Reviewed By: Carl Brookins - RAM
Casey Jones is a big, rollicking, smartmouth with a wicked sense of humor, and a jaundiced view of the world. Her view of the world applies particularly to personal human relationships. She’s a lot like her creator. And she’s a lot of fun to hang around. Her adventures are modern, important and well-worth reading about. Unfortunately, too often for this reviewer (and this may be purely personal taste) Casey has to rely on others to get her out of some really bad scrapes.
Still, we read these adventures, and look forward to more, because watching Casey choose to take on certain cases, deal with her friends and colleagues, maneuver through thickets of evil and dangerous people, not to mention her often convoluted love life,is just a whole lot of fun.
Casey Jones is an under-the-table private investigator. Because of an unfortunate past she’s unable to obtain a private investigator’s license in North Carolina where she hangs out. And she certainly isn’t permitted to carry a weapon. But she has an accommodating partner, Bobby D., for whom Casey seems to do most of the work.
This case concerns a professor at Duke University named Helen McInnes who was the victim of a particularly violent crime, including attempted murder. Although she never saw her attacker, she has accused a fellow academic of the crime. Her attacker is acquitted and the combination of the crime and the acquittal have so traumatized the woman, she has developed agoraphobia and cannot even venture onto her own front porch. And now, she’s being besieged by evil and vicious mail and telephone attacks, apparently from the same man.

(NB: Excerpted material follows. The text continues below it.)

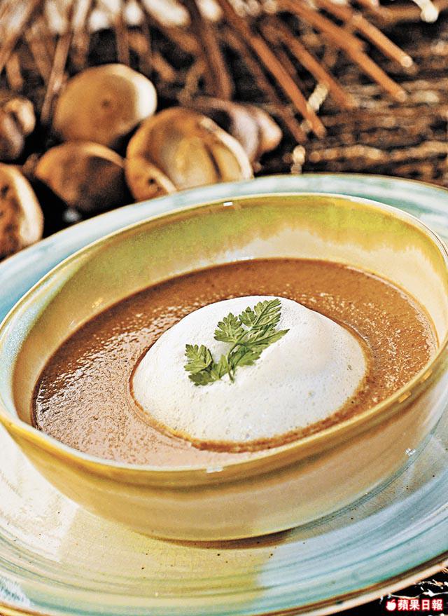 乾牛肝菌100克、白菌/鮮冬菇/洋葱各30克(切片)、乾葱/蒜頭各10克(切片)、白酒/鮮忌廉各30毫升、雞湯500毫升、鮮奶50毫升、鹽/橄欖油/黑胡椒/香草各少許

Casey, of course, agrees to look into the case and the more she learns, the more inflamed becomes her ire. Into the case come her police contact, Marcus, her boyfriend Burly, her partner Bobby D, and his current girlfriend, Fanny, as well as some new characters. As befits noirish P.I. novels, this one is very plot driven. Nevertheless, Munger does an admirable job of bringing these many characters and their foibles to vibrant life.
As one has learned to expect from Munger’s writing, the pace is fast, the dialogue sings and the mordant humor is well-placed. This is a very well written novel, has been well and carefully edited and deserves a place on the bookshelves of anyone who is a fan of the hard-boiled P.I. novel.